Assistant Professor Elizabeth Cohen at Scientific American says:
According to [Zillman’s] affective disposition theory, people enjoy entertainment when characters that they identify as the “good guys” win, and the “bad guys” get the justice they deserve.
And yet for a long time, we the audience have apparently enjoyed watching characters on TV do bad/immoral things and even root for them in some sense. It cannot be said that we watched The Sopranos just waiting for Tony’s comeuppance. Seinfeld, Breaking Bad, Dexter (and I have argued Girls) are shows where our watching has little to do with justice for the anti-heroes at the heart of their stories.

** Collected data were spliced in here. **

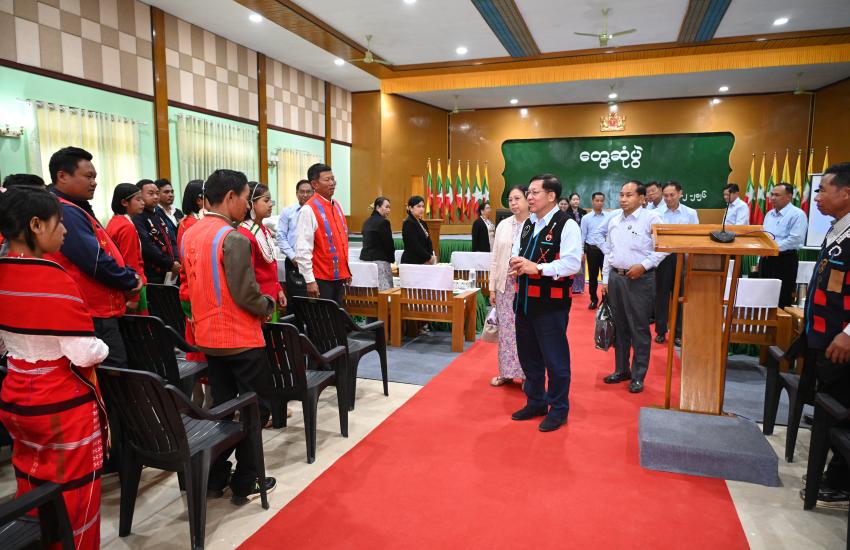 - ပြည်ထောင်စုသမ္မတမြန်မာနိုင်ငံတော်ယာယီသမ္မတ နိုင်ငံတော်လုံခြုံရေးနှင့်အေးချမ်းသာယာရေးကော်မရှင်ဥက္ကဋ္ဌ ဗိုလ်ချုပ်မှူးကြီး မင်းအောင်လှိုင် ကျိုင်းတုံမြို့ရှိ ဌာနဆိုင်ရာတာဝန်ရှိသူများ၊ မြို့မိမြို့ဖများနှင့်တွေ့ဆုံ၍ ဒေသဖွံ့ဖြိုးတိုးတက်ရေးဆိုင်ရာများဆွေးနွေး
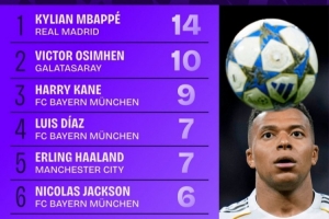 24直播网讯 欧冠前三轮射正榜,姆巴佩以14次射正高居榜首,奥斯梅恩(10次)和凯恩(9次)分列二、三位。哈兰德等名将亦跻身前十。
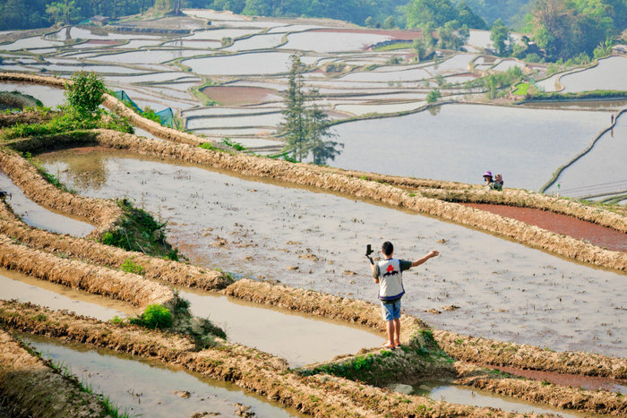 50小时前,胡德芳来到是世界文化遗产地,元阳梯田。在千百年哈尼人劳作的现场,背着娃娃回家的农妇、田埂杆赶鸭子的大爷构成一幅幅真实的“诗和远方”。胡德芳一个田埂接着一个田埂的走,本想尽早下线赶路,奈何粉丝们“不依不饶”,要求看个够、聊个够,他“就范”了,这场田埂上的直播持续了两个多小时。
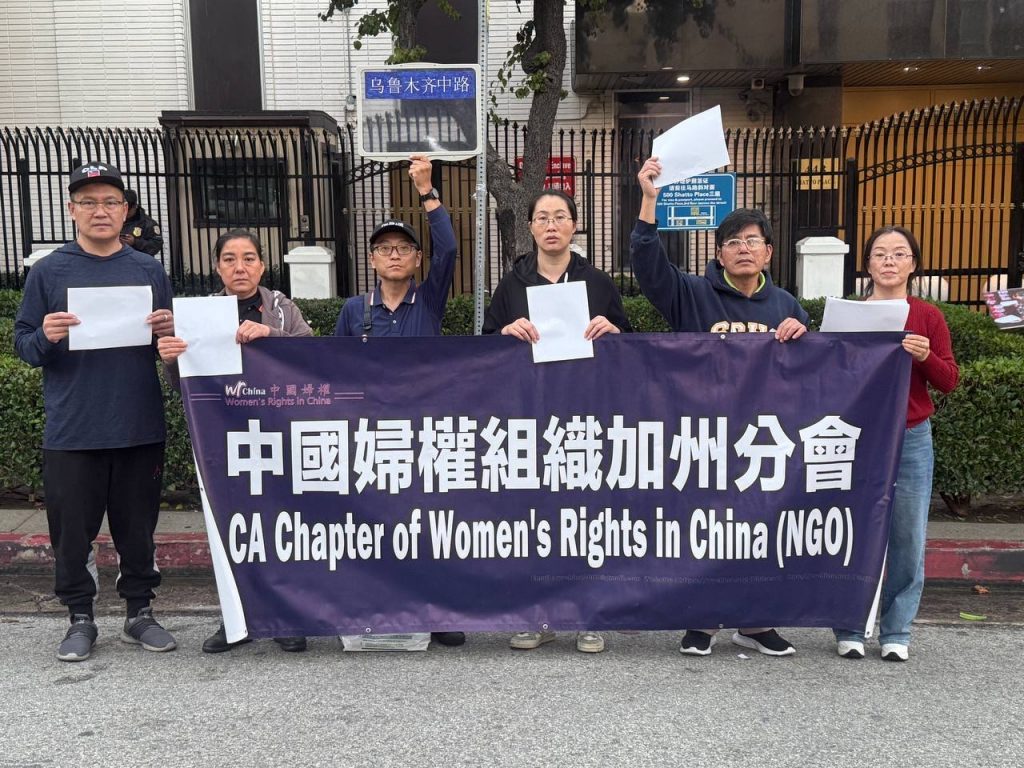 图为中国妇权义工2025年11月23日来到洛杉矶中领馆前,纪念白纸运动三周年。左起:徐世刚、刘文霞、戈冰。右起:张志娟及苏尚伟。(图片:中国妇权)
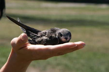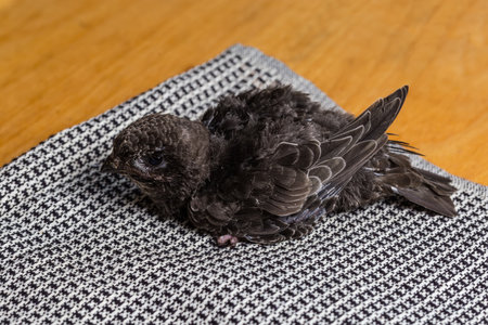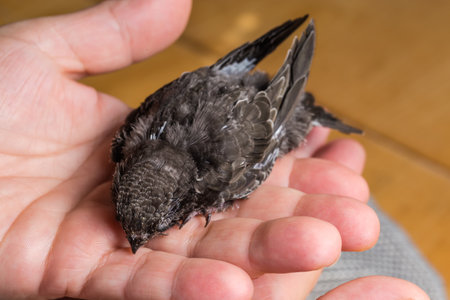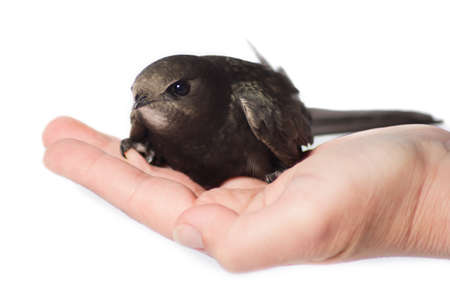 Not fully fledged nestling of black swift that was fallen out of the nest and handpicked for salvation in home conditions
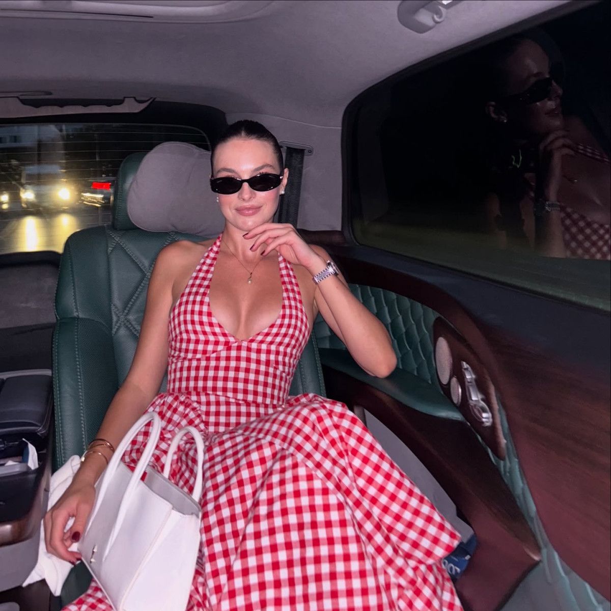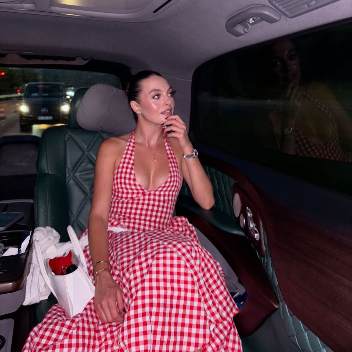 Son olarak ekoseli derin dekolteli elbise kombiniyle poz veren Melis Sezen hayranlarını mest etti.
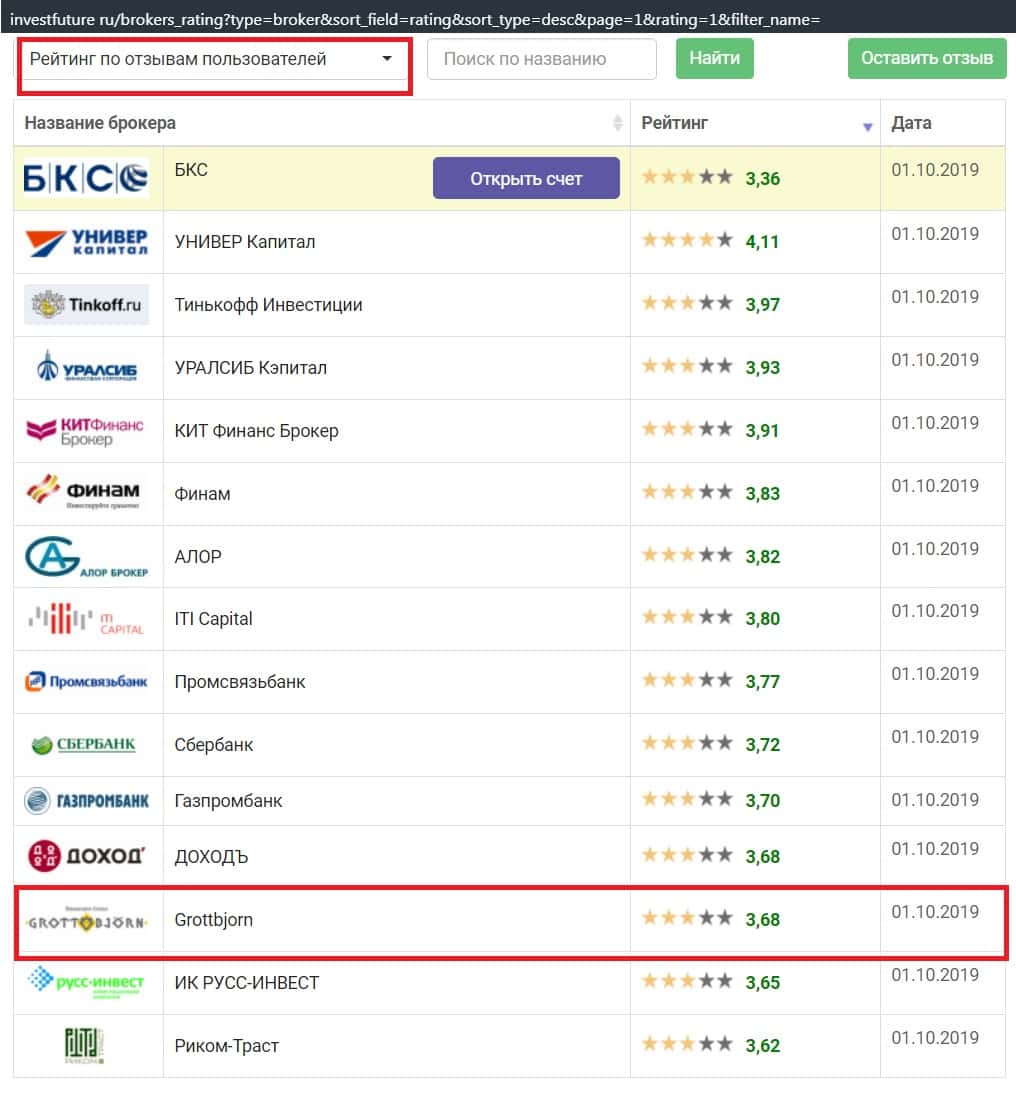 И когда только выбираешь критерием для составления рейтинга отзывы пользователей, то в конце списка и появляется рассматриваемая компания GrottBjorn.

Cohen explains that Zillman’s original hypothesis in its details is more or less out of favor, even with his own school of thought:
Zillmann’s intellectual progeny question the premise that feeling good is the only reason we watch entertaining television. We often associate words like ‘fun,’ ‘enjoyment,’ or ‘escape’ when we think about our entertainment. These are all hedonic, or pleasurable, rewards of watching TV. But the work of Mary Beth Oliver, a professor of media studies at Pennsylvania State University, has shown us that entertainment can offer more than enjoyment. In step with the positive psychology movement, Oliver and her colleagues have identified many eudaimonic rewards of watching depressing, stressful, or even horrific television. Eudaimonia is an experience that meaningfulness, insight, and emotions that put us in touch with our own humanity. Eudaimonia might not make us happy [i.e., overflowing with pleasure-DF], but it can enrich us, leave us feeling fulfilled, touched, and perhaps even teach us something about ourselves.
Oliver is working with a very useful distinction that goes under the description of “hedonic happiness versus eudaimonic happiness”. There are two kinds of “happiness” that can be easily confused. Hedonic just means happiness, for lack of a better word, having to do with strict pleasure. Eudaimonia has to do with happiness, for lack of a better word, having to do with meaningfulness and purpose in life.
My title of this blog post suggests I am interested in the effects on a person’s mental states (his or her psychology) when he or she watches anti-heroes on TV. According to Zillman, the effect would be a kind of hedonic pleasure we get from seeing justice dispensed upon their deserving heads. But that doesn’t seem to capture what’s going on in lots of recent TV shows in which, yes, the season finale of the show’s final season might resolve into questions about justice, but in which the rest of the earlier episodes are not about dispensing justice and therefore do not trigger any supposed hedonic pleasure that would go with seeing it meted out.
For these other shows, it seems to make more sense to say, as Oliver does, that watching dramatic stories (whether justice prevails or not) provides eudaimonic happiness (let’s be careful not to confuse things by calling it “pleasure”) insofar as stories are realistic or at least relevant to our lives in the sense that they give us the opportunity to think (and more likely feel) our way through issues that once thought or felt through provide meaningfulness and understanding and purpose in life.